Greek debt crisis: Straw says eurozone 'will collapse'
- 20 June 2011
- From the section UK Politics
Jack Straw has predicted the collapse of the eurozone and urged the UK to consider the "alternatives" as the Greek debt crisis worsens.
The Labour MP and former foreign secretary said the euro was facing a "slow death" and the 17-member eurozone "cannot last" in its current form.
He was speaking as MPs discussed the prospect of a fresh bailout for Greece.
Treasury Minister Mark Hoban said it was in the UK's interest to "ensure the continuing stability" of the eurozone.
However, he insisted the UK would not be participating directly in any bailout and UK exposure to the Greek economy was "relatively small".
The countries which use the single currency have said Greece must agree further austerity measures before receiving £10bn, raising the prospect of the country defaulting on its debts should it be unable to do this.
'Going to collapse'
London Mayor Boris Johnson is among a growing number of UK politicians to call for this to be allowed to happen - and for Greece to leave the eurozone.
Mr Johnson told The Daily Telegraph: "The euro has exacerbated the financial crisis by encouraging some countries to behave as recklessly as the banks themselves.
"We are supposedly engaging in this bail-out system to protect the banks, including our own. But as long as there is the fear of default, as long as the uncertainty continues, confidence will not return across Europe."
Asked in the Commons to respond to an urgent question about the UK government's position in the event of a default, ministers faced a succession of calls from Tory and Labour MPs for Greece to exit the euro.
Jack Straw suggested the eurozone was facing a potentially terminal crisis.
"What the government should do instead of sheltering behind the complacent language, weasel words that 'it is not appropriate, we should not speculate' is recognise that this eurozone cannot last," he said.

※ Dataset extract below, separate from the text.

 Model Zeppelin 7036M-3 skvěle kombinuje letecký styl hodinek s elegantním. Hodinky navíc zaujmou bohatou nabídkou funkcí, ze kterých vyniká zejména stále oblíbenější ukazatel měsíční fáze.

"And it is the responsibility of the British government to be open with the British people now about the alternative prospects.

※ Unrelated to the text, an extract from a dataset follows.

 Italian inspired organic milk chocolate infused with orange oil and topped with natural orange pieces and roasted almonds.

"And since the euro, in its current form, is going to collapse is it not better that this happens quickly rather than a slow death?"

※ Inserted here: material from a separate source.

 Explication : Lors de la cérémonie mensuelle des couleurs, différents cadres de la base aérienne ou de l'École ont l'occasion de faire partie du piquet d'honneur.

Mr Straw, who was home secretary before becoming foreign secretary between 2001 and 2006, was always seen as one of the more eurosceptic members of Tony Blair's cabinet.
He has become increasingly outspoken on the issue since returning to the back benches after last year's general election.
In the Commons, Conservative MP Anne Main said Greece should be "put out of its misery" and allowed to "depart peacefully" from the eurozone while fellow Tory Bernard Jenkin called for an "orderly departure".
Treasury minister Mark Hoban responded that Greece needed to get its economy "back on track" and that its inability to raise funding from financial markets meant that a further bailout might be required.
'Distress and misery'
However, he stressed that the UK would not be participating "directly" in any rescue - although it could be liable for any further support via the International Monetary Fund.
"The UK only participated in the May 2010 package for Greece through its membership of the IMF.
"So the burden of providing finance to Greece is shared by the IMF and Euro-area member states and we fully expect this to continue. Our position on this is well understood across the euro area."
Asked about the wider impact of Greece defaulting on its debts, he said the Treasury, Bank of England and Financial Services Authority was closely monitoring the financial system but that UK banks had an exposure of just $4bn to Greece - much smaller than either France or Germany.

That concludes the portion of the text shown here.